The Power of the Retrofit: Part 2 - Blog - Build2Sustain


A little over a week ago, we highlighted Caterpillar as an example of what can be achieved with an intelligent retrofit. The project earned LEED certification and the energy savings were well publicized. But we weren't satisfied. We know that the most important part of any business case is ROI and payback. With that in mind, we reached out to Tom Gerike, Engineering Project Team Leader at Caterpillar to learn more.

1) Reports indicate your retrofit achieved an energy consumption reduction of more than 40% resulting in $800k worth of savings. We're always making the business case for sustainable retrofit and renovation; can you give us a sense of the ROI and payback period associated with the retrofit?

We spent approximately $3,000,000 to get this $800,000 in savings for a payback of 3.75 years.

2) Were there primary building systems you knew you could target when planning the retrofit or did you evaluate everything? What was the design process like?

Primary building systems that were evaluated were the air handlers and air distribution, the chiller plant, and the lighting. The design process was based on seeing what current equipment was not performing as it should have been and then looking for further improvement opportunities. A walk-through audit was performed after maintenance improvements were made to determine what kind of engineering changes were needed for the systems.

3) As a result of your design process, what primary building systems were retrofitted? Were core systems retrofitted (HVAC, Lighting, Windows), was this largely a control-based retrofit, or both?

The major areas of work for this project were to convert the building from a constant volume system into a variable air volume system, controls upgrades to convert pneumatic controllers at terminal devices to direct digital controllers, control upgrades to the chiller plant, and the installation of an automated lighting system to schedule the lights on and off.

4) You achieved LEED Gold-EBOM certification for this project. Was LEED certification a primary goal of the project? How did that impact the way you approached the project?

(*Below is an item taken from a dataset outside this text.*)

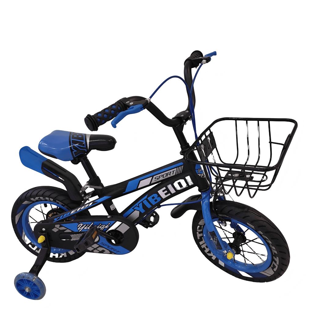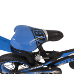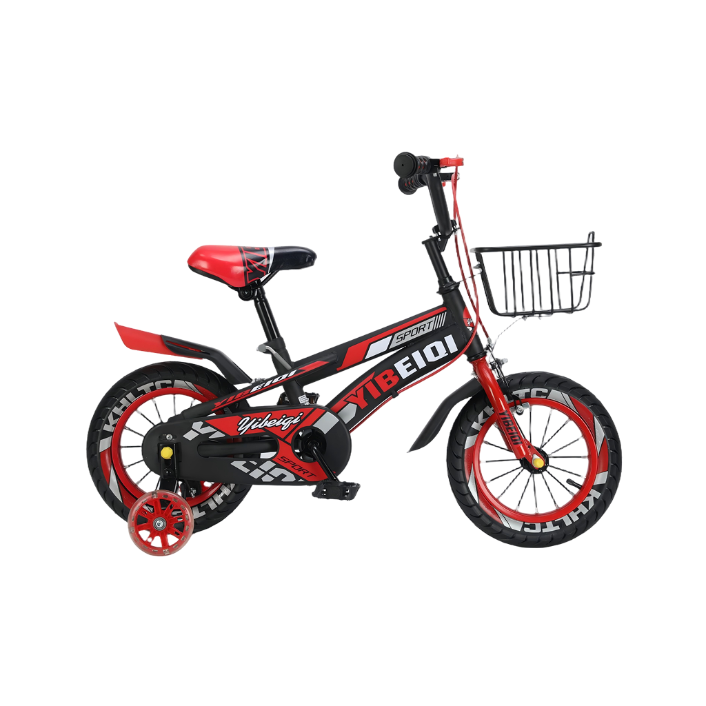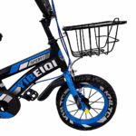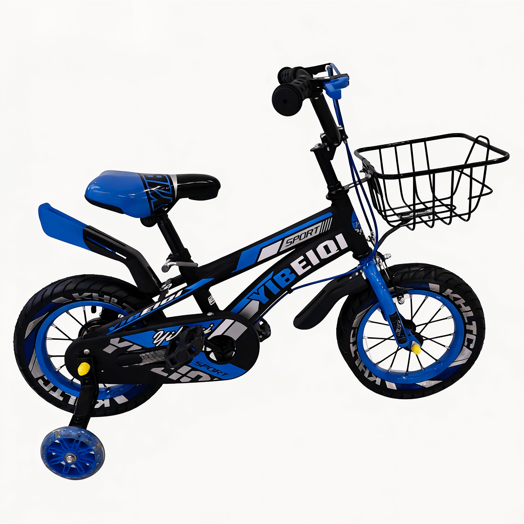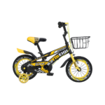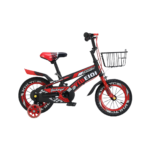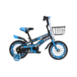 Sporty children’s bicycle equipped with training wheels, a front metal basket, and a durable steel frame. The bike features bold graphic decals on the chain guard and frame, giving it a stylish and energetic look. It comes with thick, treaded tires designed for stability and beginner-friendly riding. The padded saddle and safety-grip handlebars ensure a comfortable and secure ride. The overall design is eye-catching and built for kids learning to ride with confidence.

Yes, LEED certification was a primary goal. It impacted the approach of the project in the following way. To get LEED, you need a minimum score on the Energy Star of 69. We were well below that value, so the energy improvements became a major focus of the project in order to reach that minimum score. Also, the savings from the energy improvements went to offset the costs of additional changes need to achieve LEED.

5) How long did the project take from internal proposal to completion?

We worked 2 years on this project.

6) Given the success of this project, are there future Caterpillar sites slated for similar retrofits?

Yes, we are always looking to make energy efficiency improvements that are in line with our enterprise sustainability goals.